Before diving in to my answer, I wanted to echo what was said by FinanceGuyThatCantCode: you have a small error in your proposal. The $\sigma$ in your question really should be $\sigma_i$, since it depends on each cluster. So what you're asking is not why total variance is assumed equal to 1, but rather why each cluster variance is assumed equal to 1.

The answer is that the $\sigma_i=1$ assumption is actually an assumption of the k-means algorithm. Lets extend your analogy that k-means is really a latent Gaussian problem, now look at the k-means loss function: $$ \min_{\mu_i} \sum_i \sum_{x_i \in S_i} |x_i - \mu_i|^2 $$
Where $S_i$ is the set of $x_i$ assigned to center $\mu_i$. If we imagine that this loss function is the negative log-likelihood, and that what we're really doing is a likelihood maximization of the latent Gaussian means, we'd get the following equivalent likelihood maximization: $$ \max_{\mu_i} \prod_i \prod_{x_i \in S_i} \exp \left[ (x_i - \mu_i)^2 \right] $$
Playing a little fast and loose with scaling constants, this is the same as: $$ \max_{\mu_i} \prod_i \prod_{x_i \in S_i} N(x_i;\mu_i,\sigma_i^2 = 1) $$
Where $N(x_i;\mu_i,\sigma_i^2 = 1)$ is the normal PDf.

So we see that k-means implicitly assumes that the latent Gaussians have unit variance. This is because k-means isn't really meant to be a probabilistic model of the data; it's not a "generative" model which is intended to predict future datapoints. It's just an algorithm which uses a reasonable heuristic to produce label assignments.
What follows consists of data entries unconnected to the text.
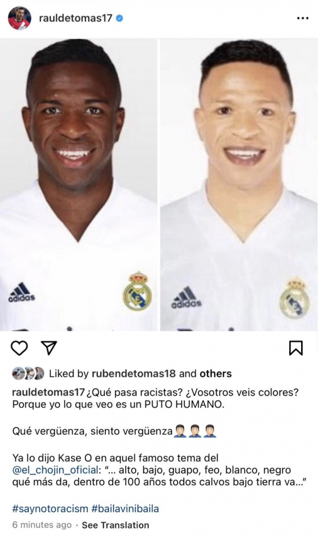 «Quoi de neuf les racistes ? Voyez-vous des couleurs? Parce que ce que je vois, c’est un putain d’Humain. Quel dommage, j’ai honte. Kase O l’a déjà dit dans sa célèbre chanson avec El Chojin, grand, petit, beau, laid, blanc, noir, qu’importe, dans 100 ans tout le monde sera chauve sous terre…» peut-on lire avec une photo de Vinicius avec la peau blanche.
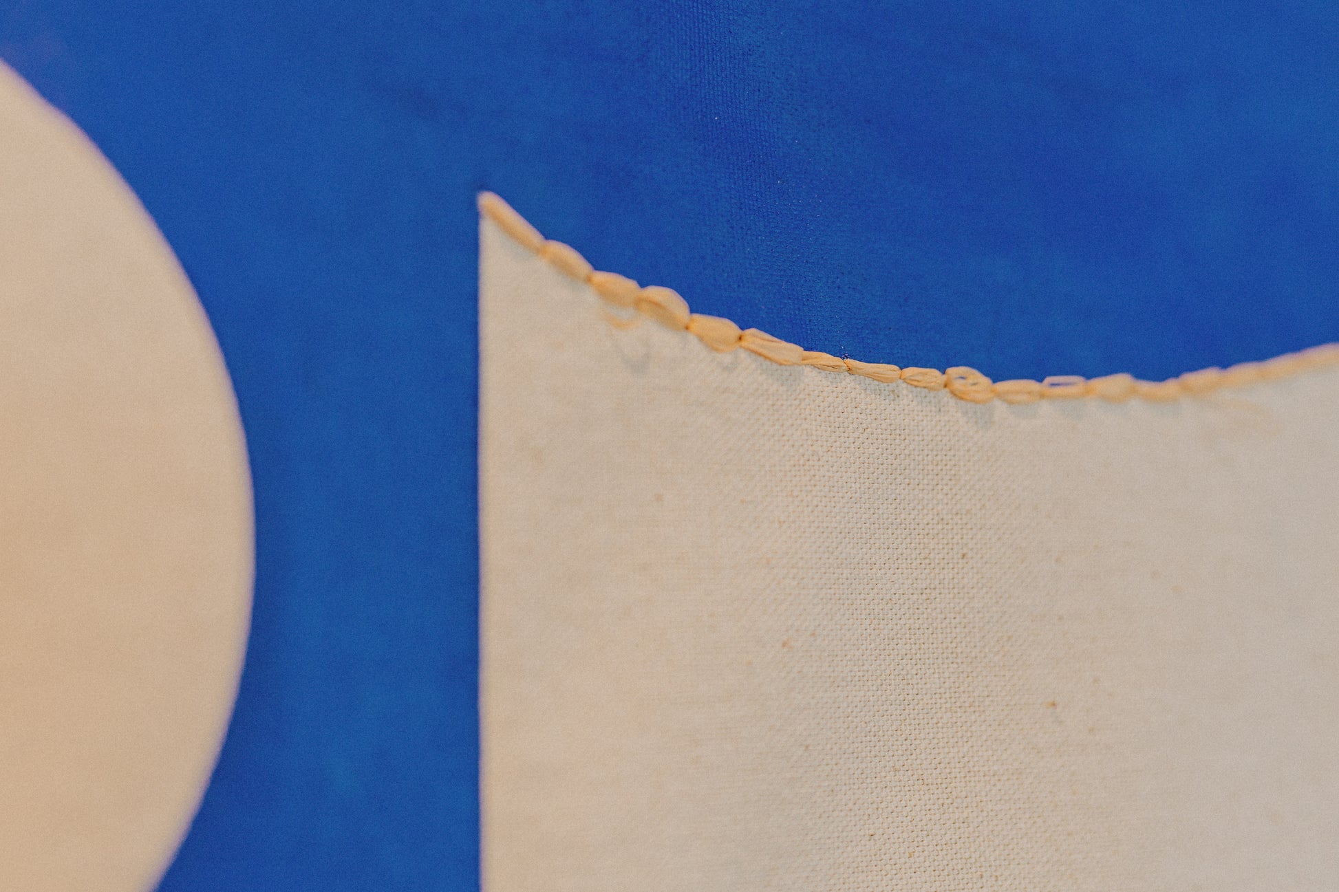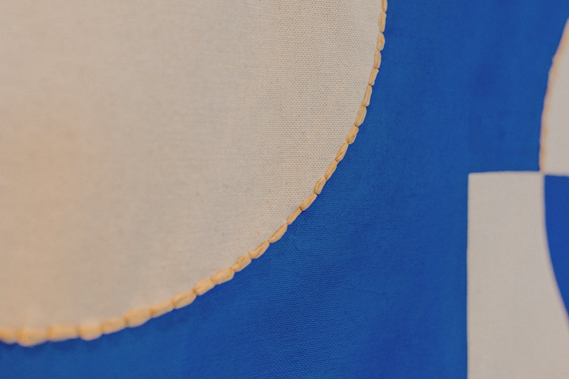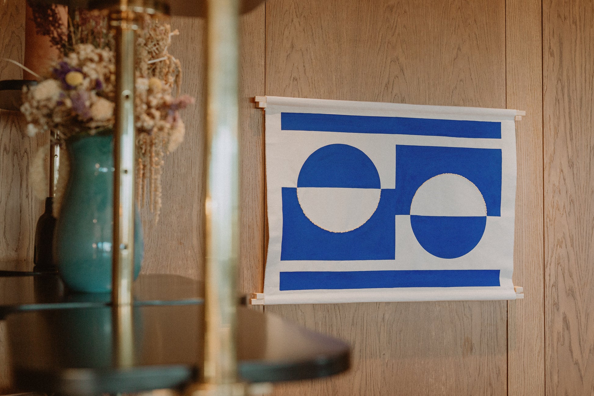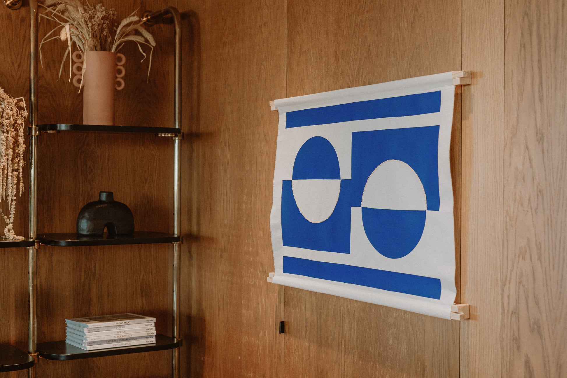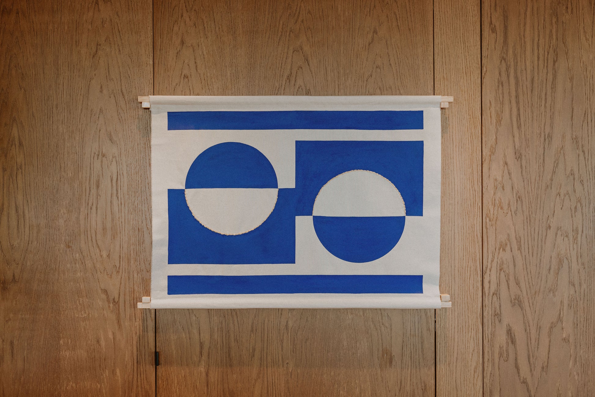 A conversation between form and reflection, Duality explores the meeting point between opposites: light and shadow, stillness and movement, fullness and void. The bold geometry in ultramarine blue unfolds across a field of calm white, creating a visual rhythm that feels both structured and free.
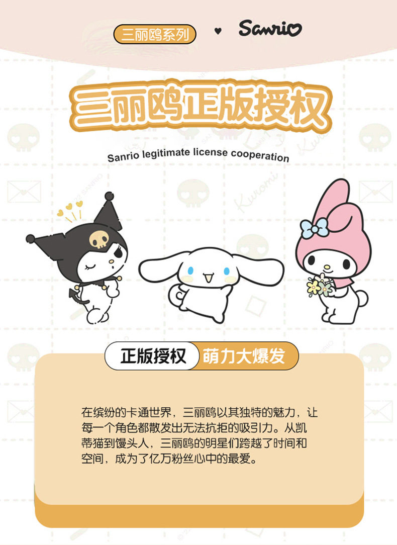 | Pattern | Velvet osaka kit-biscuit bear kt,Velvet osaka kit-colored jade gui dog,Velvet osaka kit-princess melody,Velvet osaka kit-trojan melody,Velvet osaka kit-balloon apple kt,Velvet osaka kit-banana pahar dog,Velvet osaka kit-camping melody,Large velvet version-baku kuromi,Velvet large edition-pudding dog buddy,Large velvet version - shopping for three small ones,Velvet large edition-tie jade gui dog,Large velvet version-naifu yugui dog,Large velvet version-custard pudding dog,Velvet large version-cream kt,Velvet large version-candy kt,Large velvet version-star melody,Velvet large version-babykitty,Velvet large version-kt and bear |
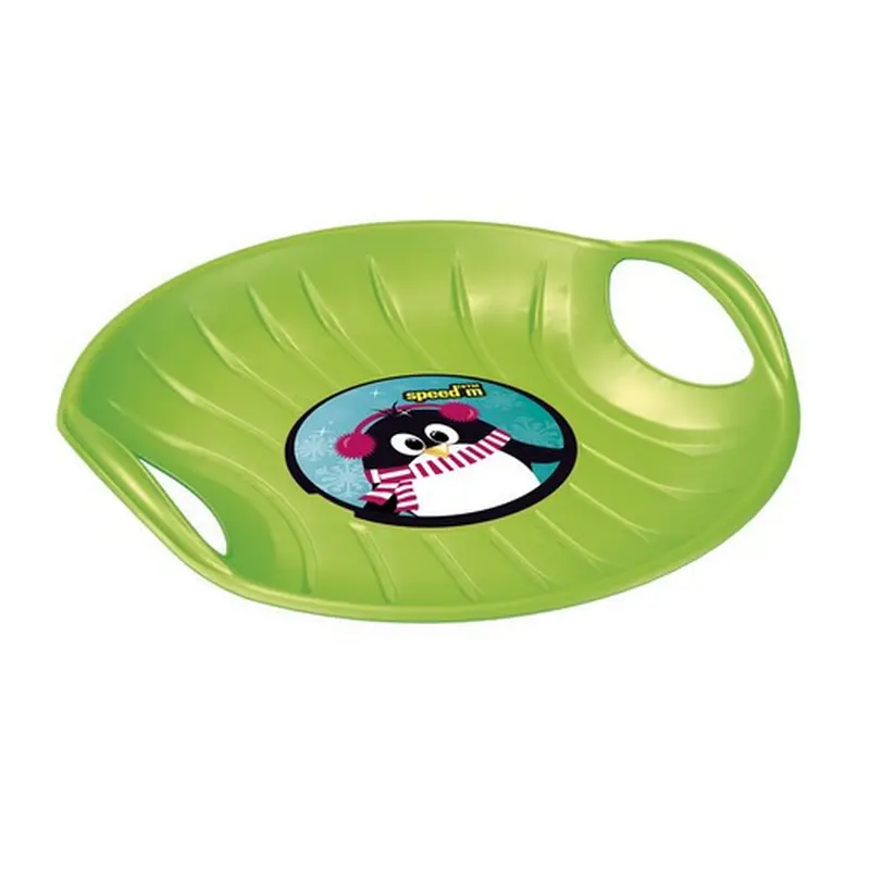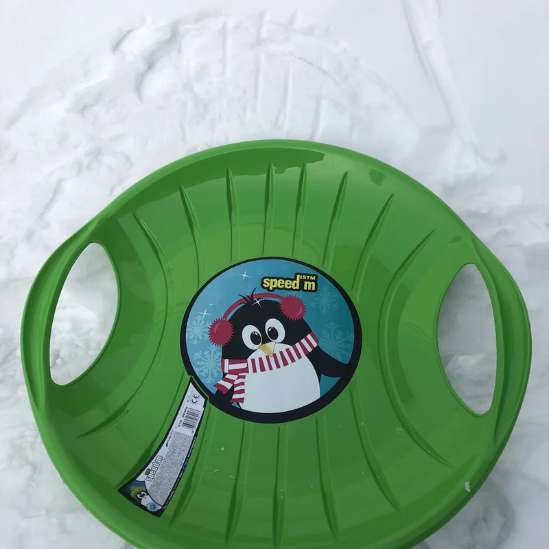 Дитяча ледянка з невеликими бортами, що перешкоджає випаданню або ковзанню дитини за санки. Є дві бічні ручки-виїмки. Ледянка призначена для крижаних гірок.
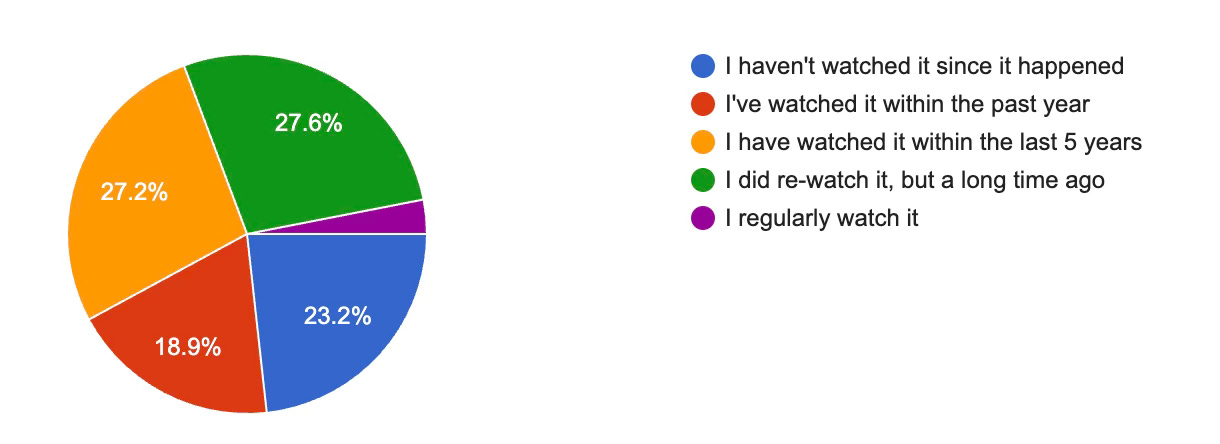 18.9% have watched it in the past year and 3.1% “regularly watch it”, so I’d say that means that 22% regularly watch it
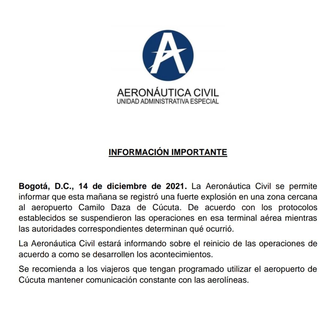 Ao menos três pessoas morreram em duas explosões registradas em uma área próxima ao aeroporto Camilo Daza em Cúcuta, na Colômbia, nesta terça-feira (14), informaram as autoridades locais.

Speculation incoming: I believe that if you wanted to relax the assumption that $\sigma_i=1$, then your best estimate would probably be something like $\frac{1}{|S_i|-1} \sum_{x_i \in S_i} |x_i-\mu_i|^2$, and so the AIC you propose (with the correction of $\sigma$ to $\sigma_i$) would collapse into something like: $$ \sum_i |S_i| + 2 k d = n + 2 k d $$
Which is just a direct penalty on $k$.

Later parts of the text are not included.